[Date Prev][Date Next][Thread Prev][Thread Next][Date Index][Thread Index]

Re: [HTCondor-users] child failed because PRIV_USER_FINAL process was still root before exec



On 2/20/2013 11:05 AM, Nathan Panike wrote:
On Tue, Feb 19, 2013 at 11:07:13PM -0500, Jason Ferrara wrote:
When running a dagman job with approximately 10000  nodes, I'm
seeing occasional random job failures with

02/19/13 22:16:14 Starting a VANILLA universe job with ID: 240791.0
02/19/13 22:16:14 IWD: /my/data/dir
02/19/13 22:16:14 About to exec /home/jferrara/bin/myprog.py
/my/input/dir/infile
02/19/13 22:16:14 Running job as user jferrara
02/19/13 22:16:15 Create_Process(/home/jferrara/bin/myprog.py):
child failed because PRIV_USER_FINAL process was still root before
exec()
02/19/13 22:16:15 Create_Process(/home/jferrara/bin/myprog.py,
/my/input/dir/infile, ...) failed: (errno=666666: 'Unknown error
666666')
02/19/13 22:16:15 Failed to start job, exiting

in the Starter log.

This is on a setup with one central manager and 6 execute systems,
all running linux.

Where and when the jobs fail seem completely random.
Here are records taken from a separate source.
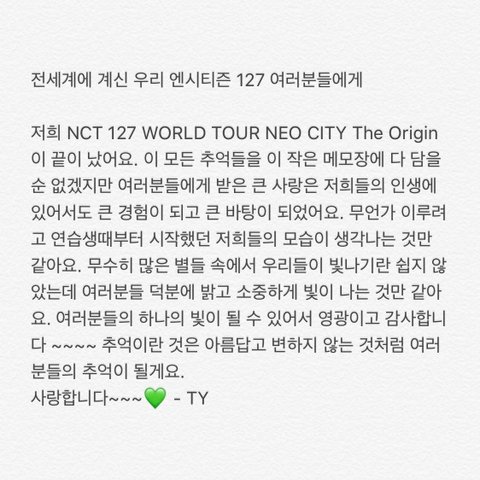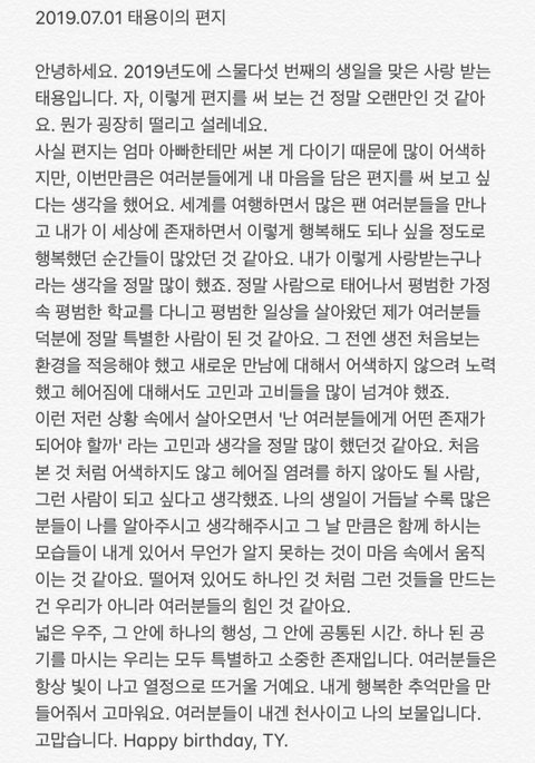 태용이는 팬들에게 편지도 자주써줘
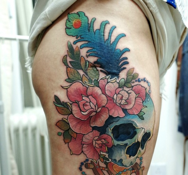非常亮眼的彩色花朵和骷髅一起的腿部纹身
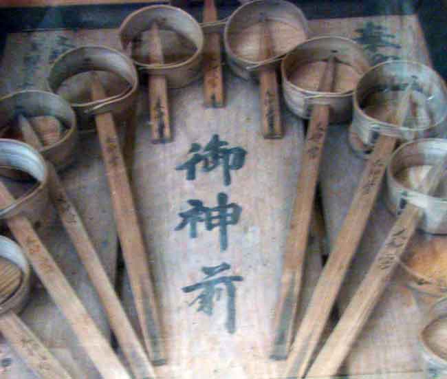 金峯神社の拝殿に奉納されています。おかげ参りは、江戸時代に流行した伊勢神宮への群集参拝をいい、文政13年(1830年)に参宮した記念として、「おかげ参り柄杓」12本を額に打ち付けて、鎮守社に奉納したものです。
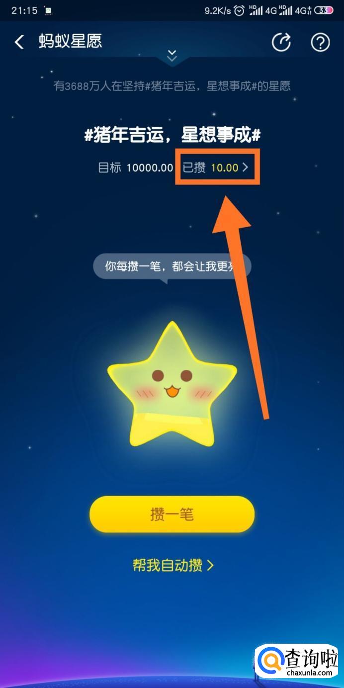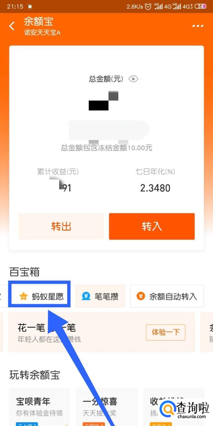 进入余额宝之后我们找到并点击【蚂蚁星愿】。
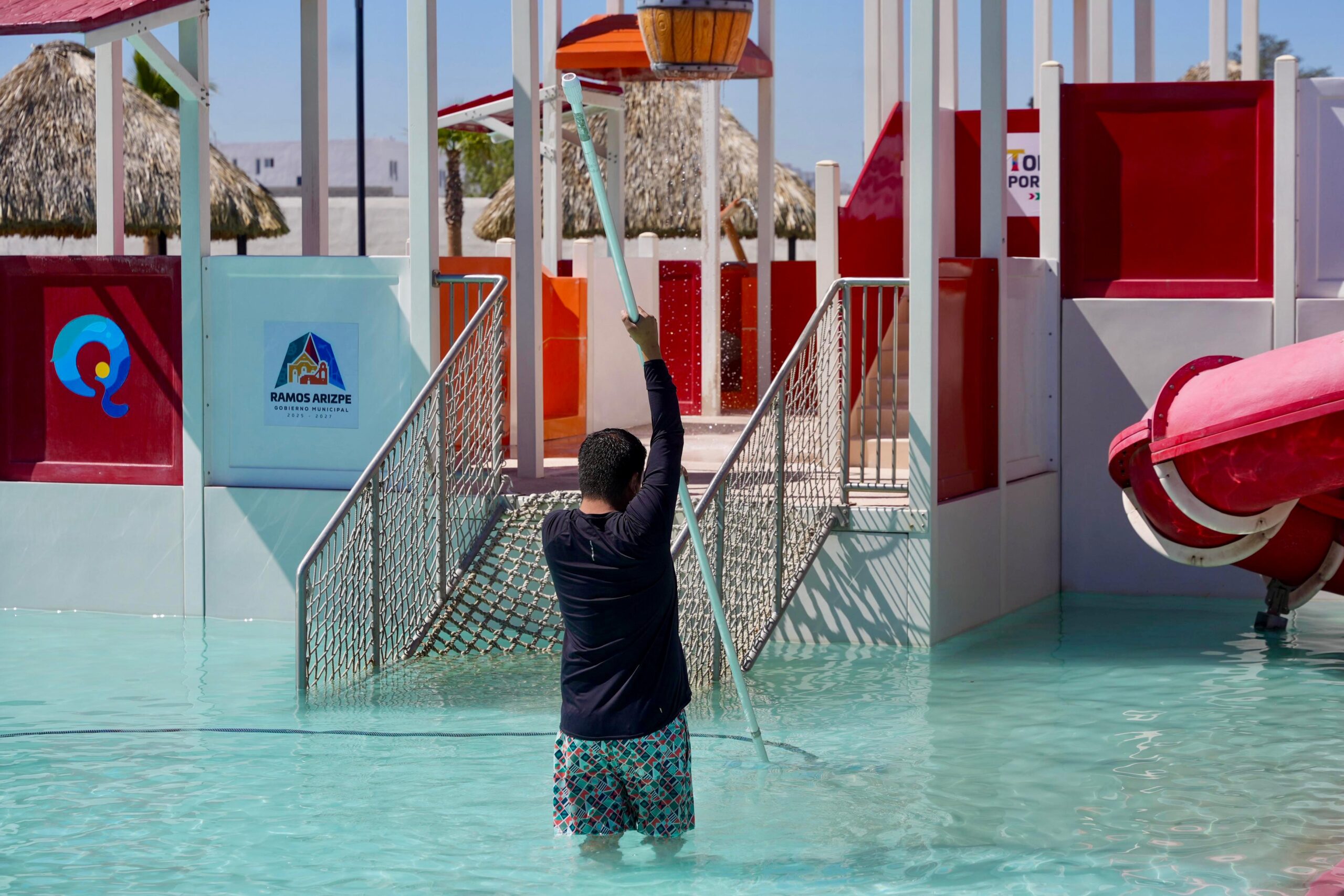Como parte de los preparativos, el alcalde Tomás Gutiérrez Merino, realizó un recorrido para verificar los trabajos de mantenimiento que se llevaron a cabo en distintas áreas de Aqua Ramos, como baños, toboganes, resbaladeros, palapas y cuartos de máquinas, con el objetivo de garantizar el óptimo funcionamiento de las instalaciones durante toda la temporada.
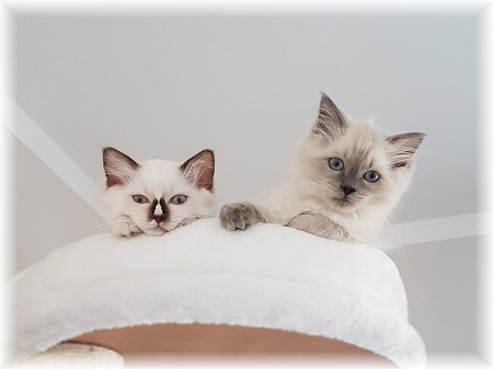 Rudy - blue colourpoint und Lina - chocolate mitted mit Blesse leben zusammen - knapp 1,5 Jahre alt

Often I can get
through all 10000 jobs without a failure.

Does anyone have any idea whats going on or have any suggestions on
how to debug this?
Possibly you landed on a misconfigured machine?
No, which is why I'm at a loss. A given execute machine will run a bunch of jobs successfully, and then fail a job.

Is it possible there is a timeout issue in condor when querying user information? I'm using ldap+sssd for user accounts, and I've noticed that while most of the time account info is returned immediately (when running "groups <usersname>" for example) but every once in a while it takes a couple of seconds.